I'm boiling on and Intensofire style arch, with air under the fire and in front through the door and behind the fire. The day I got 52gph I had probably 3/4 of the flue pan boiling hard. For me I could never get above 44gph burning bone dry wood, it would ignite too fast and then not produce flame. What worked the best was seasoned hardwood about 4" diameter pieces. These had enough moisture in the wood to make smoke which was reburned right under the end of the flue pan.

mellondome
04-09-2013, 06:37 AM
I have a grimm lightning raised flue 2x6 with hoods and preheater. I get consistent 50 gph. I also run my pans shallow 1/2 inch in the front and just covering the flues in the rear. I only have a blower under the fire and have to limit it so as to not boil the sap into the preheater drip pan or into the hood channel. Last night, there was a glow all the way around the door (it is an insulated door and arch) and the space between the back pan and the stack also was glowing. ( was pushing closer to 53gph last night) No clue what my stack temps run.. other than you don't stand back there!! I fire every 5 min. and add defoamer in the the flue pan float box before every fire.

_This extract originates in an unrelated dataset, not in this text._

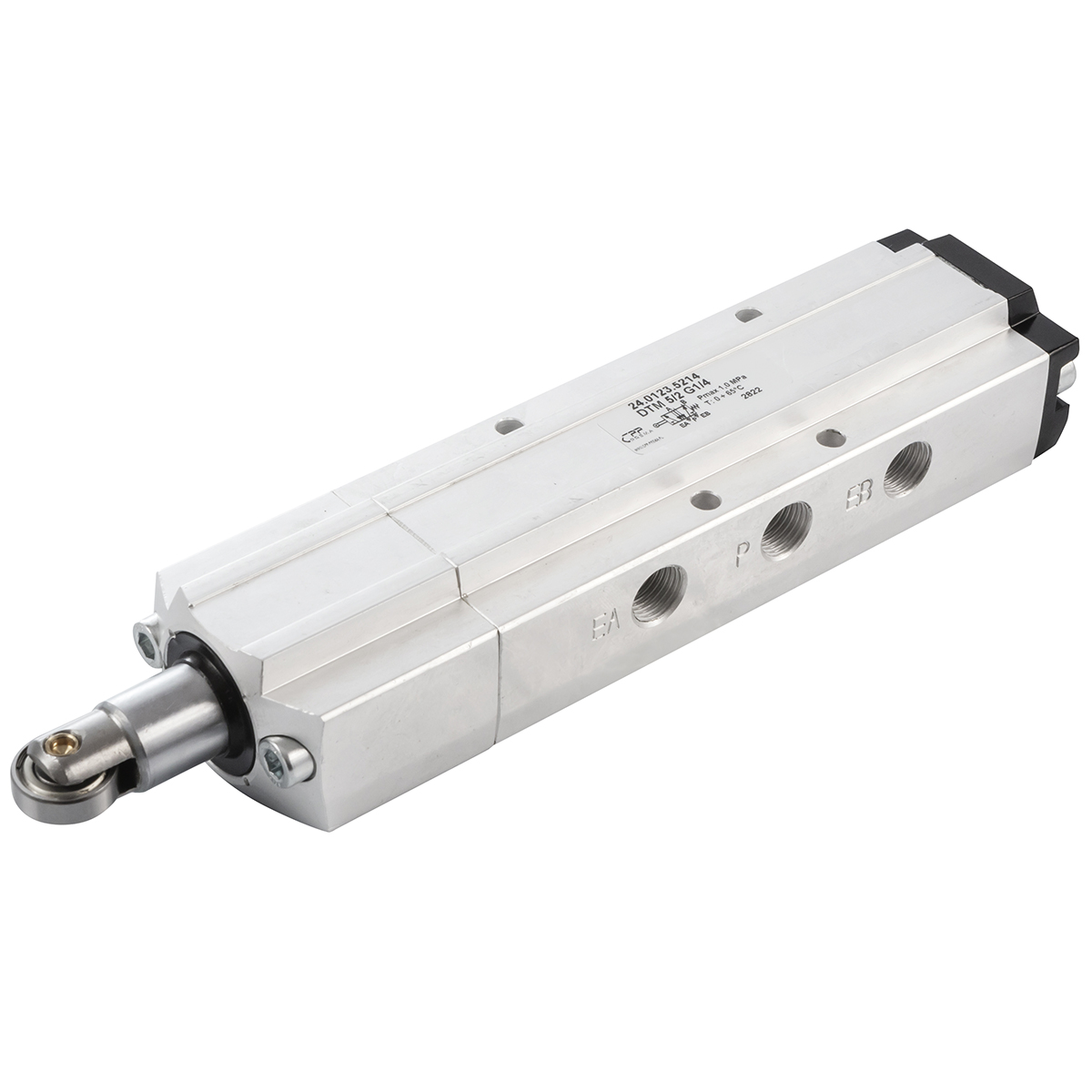 NC (normalnie zamknięty): W stanie spoczynkowym zawór nie przepuszcza powietrza; przepływ jest inicjowany poprzez nacisk rolki.

Do you clean your flues before every boil?
What size wood do you use? how dry?
How deep do you run your pans?
What is the temp from your preheater?
How much space between your flues and the material under them?
Did you restrict the space under your stack for draft control?
How much air is hitting your pan from breezes? are you inside with the door closed?

all of the above effects your boil rate greatly.

GratiotCoMiMaple
04-09-2013, 08:11 AM
I have a grimm lightning raised flue 2x6 with hoods and preheater. I get consistent 50 gph. I also run my pans shallow 1/2 inch in the front and just covering the flues in the rear. I only have a blower under the fire and have to limit it so as to not boil the sap into the preheater drip pan or into the hood channel. Last night, there was a glow all the way around the door (it is an insulated door and arch) and the space between the back pan and the stack also was glowing. ( was pushing closer to 53gph last night) No clue what my stack temps run.. other than you don't stand back there!! I fire every 5 min. and add defoamer in the the flue pan float box before every fire.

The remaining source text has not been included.